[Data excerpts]
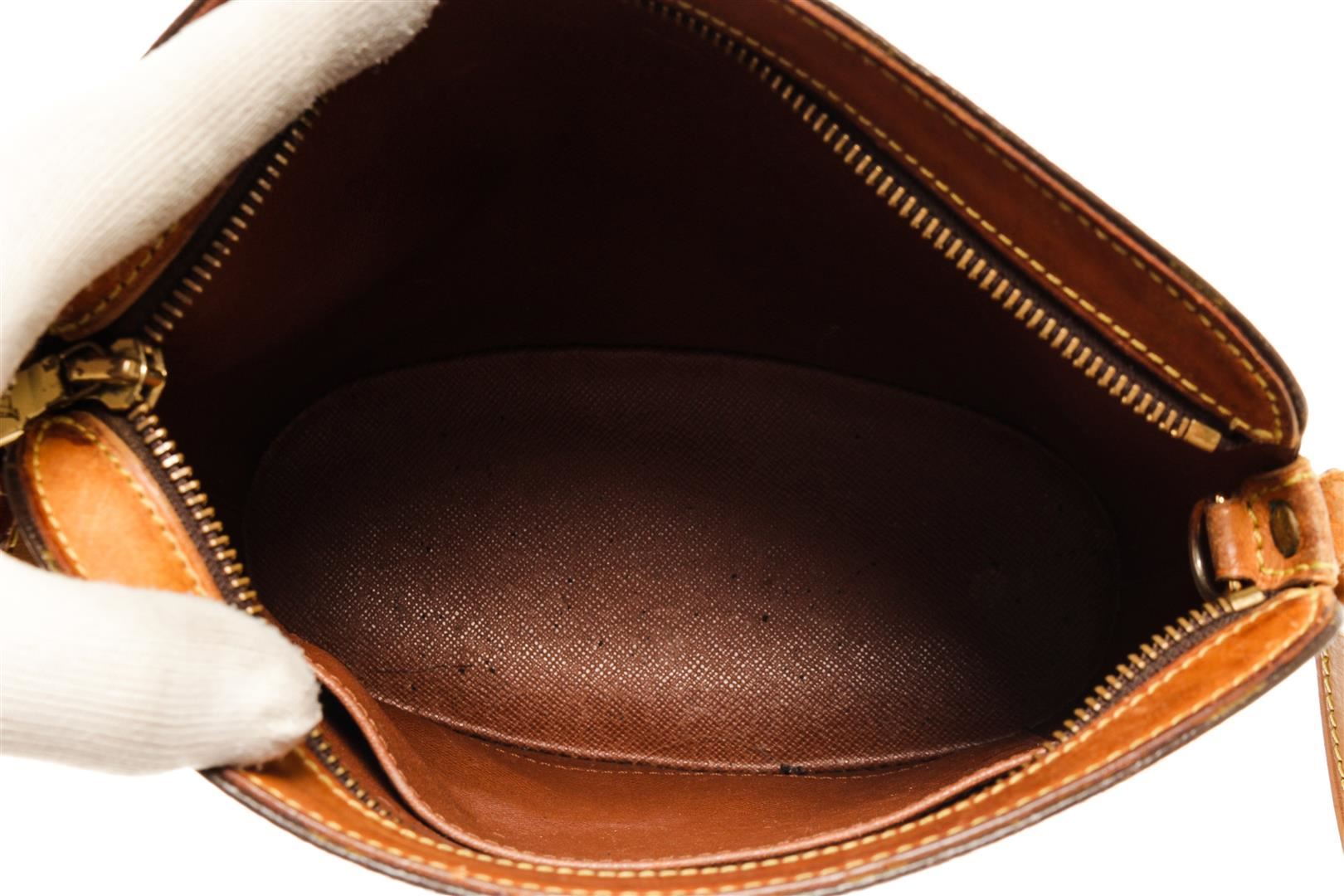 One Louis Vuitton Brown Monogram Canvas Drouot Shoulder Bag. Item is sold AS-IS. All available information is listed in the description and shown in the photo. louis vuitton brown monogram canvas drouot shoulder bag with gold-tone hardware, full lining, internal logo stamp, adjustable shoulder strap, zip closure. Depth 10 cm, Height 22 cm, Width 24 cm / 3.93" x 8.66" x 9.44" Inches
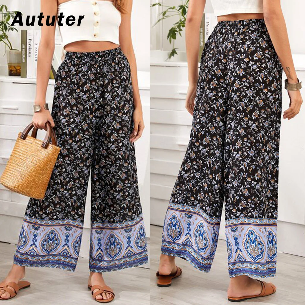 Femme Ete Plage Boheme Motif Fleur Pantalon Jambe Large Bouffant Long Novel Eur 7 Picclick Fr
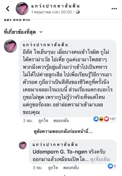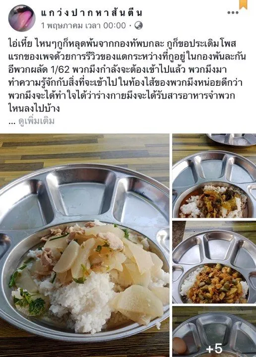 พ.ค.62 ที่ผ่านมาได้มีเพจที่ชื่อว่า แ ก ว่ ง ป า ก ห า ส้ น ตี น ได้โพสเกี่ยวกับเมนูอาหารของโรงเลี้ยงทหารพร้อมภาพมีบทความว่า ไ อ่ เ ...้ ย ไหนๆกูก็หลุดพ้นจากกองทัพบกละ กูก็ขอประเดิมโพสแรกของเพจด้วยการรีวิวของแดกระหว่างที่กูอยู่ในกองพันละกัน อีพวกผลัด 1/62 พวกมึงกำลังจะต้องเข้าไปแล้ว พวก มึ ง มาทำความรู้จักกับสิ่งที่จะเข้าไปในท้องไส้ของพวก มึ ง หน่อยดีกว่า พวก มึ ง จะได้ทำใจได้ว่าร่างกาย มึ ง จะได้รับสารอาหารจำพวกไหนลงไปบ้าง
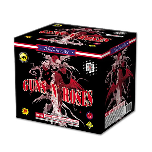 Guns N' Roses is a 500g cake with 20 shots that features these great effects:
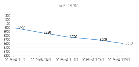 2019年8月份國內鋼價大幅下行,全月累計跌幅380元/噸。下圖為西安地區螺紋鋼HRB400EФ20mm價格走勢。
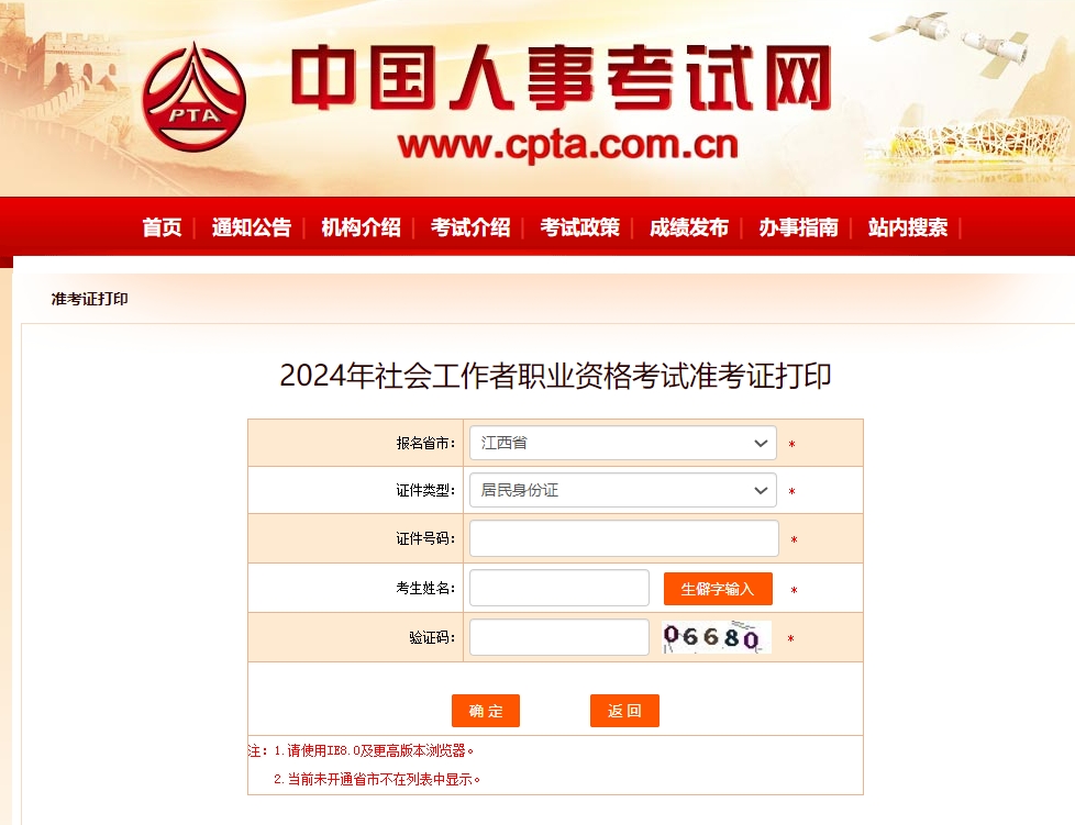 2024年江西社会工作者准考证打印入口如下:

*Task*. Please repeat each line above exactly as it appears, but omit the pictures.

*Your response*.
 One Louis Vuitton Brown Monogram Canvas Drouot Shoulder Bag. Item is sold AS-IS. All available information is listed in the description and shown in the photo. louis vuitton brown monogram canvas drouot shoulder bag with gold-tone hardware, full lining, internal logo stamp, adjustable shoulder strap, zip closure. Depth 10 cm, Height 22 cm, Width 24 cm / 3.93" x 8.66" x 9.44" Inches
 Femme Ete Plage Boheme Motif Fleur Pantalon Jambe Large Bouffant Long Novel Eur 7 Picclick Fr
 พ.ค.62 ที่ผ่านมาได้มีเพจที่ชื่อว่า แ ก ว่ ง ป า ก ห า ส้ น ตี น ได้โพสเกี่ยวกับเมนูอาหารของโรงเลี้ยงทหารพร้อมภาพมีบทความว่า ไ อ่ เ ...้ ย ไหนๆกูก็หลุดพ้นจากกองทัพบกละ กูก็ขอประเดิมโพสแรกของเพจด้วยการรีวิวของแดกระหว่างที่กูอยู่ในกองพันละกัน อีพวกผลัด 1/62 พวกมึงกำลังจะต้องเข้าไปแล้ว พวก มึ ง มาทำความรู้จักกับสิ่งที่จะเข้าไปในท้องไส้ของพวก มึ ง หน่อยดีกว่า พวก มึ ง จะได้ทำใจได้ว่าร่างกาย มึ ง จะได้รับสารอาหารจำพวกไหนลงไปบ้าง
 Guns N' Roses is a 500g cake with 20 shots that features these great effects:
 2019年8月份國內鋼價大幅下行,全月累計跌幅380元/噸。下圖為西安地區螺紋鋼HRB400EФ20mm價格走勢。
 2024年江西社会工作者准考证打印入口如下:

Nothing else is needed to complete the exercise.